• _DATASET SECTION_

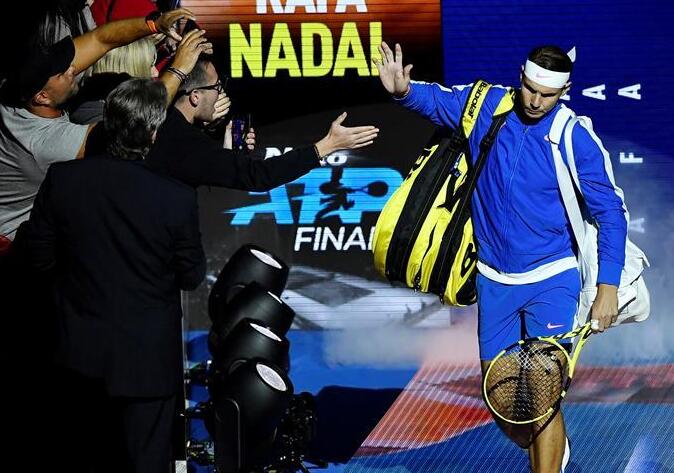 当日,在2019ATP世界巡回赛年终总决赛第二日单打小组赛中,西班牙选手纳达尔以0比2不敌德国选手兹维列夫。(新华社/路透)
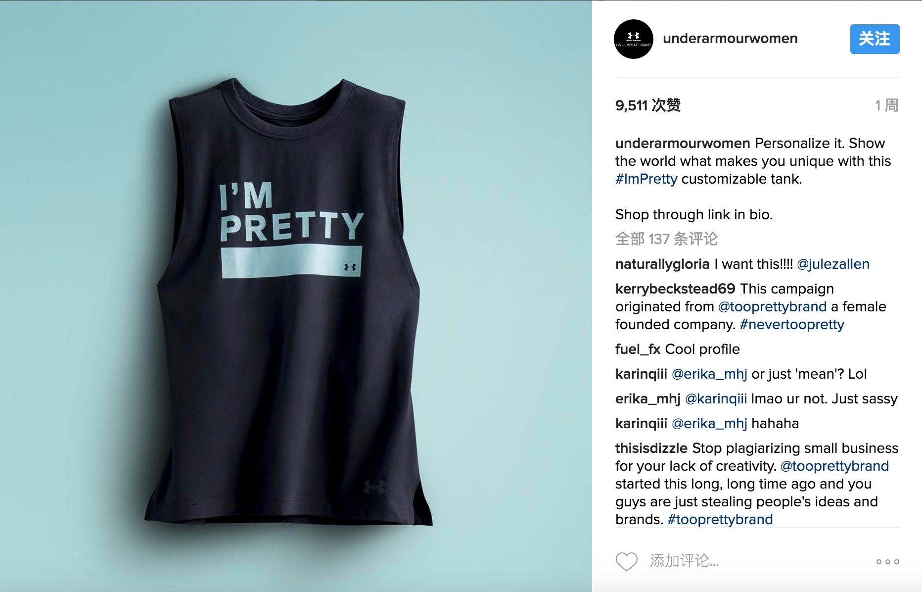 除了线上的广告片之外,Under Armour还上线一个表情包生成器,让大家在 "I’m Pretty……”填空然后生成图片一键分享到自己的社交媒体上。与此同时,这个运动品牌推出了一款印着“I’m Pretty……”的运动上衣,然后也可以自己用油性笔写上你想要表达的意义,I’m Pretty sexy之类的,只要你高兴。
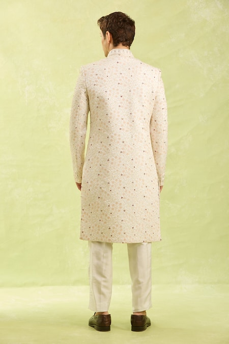 Cream sherwani featuring all-over hand embroidery on art silk with a button closure. Paired with off-white half elastic pants in dupion art silk.

• _TASK TO COMPLETE_
Reproduce the material above in full and without alteration, but skip all pictures.

• _OUTPUT BELOW_
 当日,在2019ATP世界巡回赛年终总决赛第二日单打小组赛中,西班牙选手纳达尔以0比2不敌德国选手兹维列夫。(新华社/路透)
 除了线上的广告片之外,Under Armour还上线一个表情包生成器,让大家在 "I’m Pretty……”填空然后生成图片一键分享到自己的社交媒体上。与此同时,这个运动品牌推出了一款印着“I’m Pretty……”的运动上衣,然后也可以自己用油性笔写上你想要表达的意义,I’m Pretty sexy之类的,只要你高兴。
 Cream sherwani featuring all-over hand embroidery on art silk with a button closure. Paired with off-white half elastic pants in dupion art silk.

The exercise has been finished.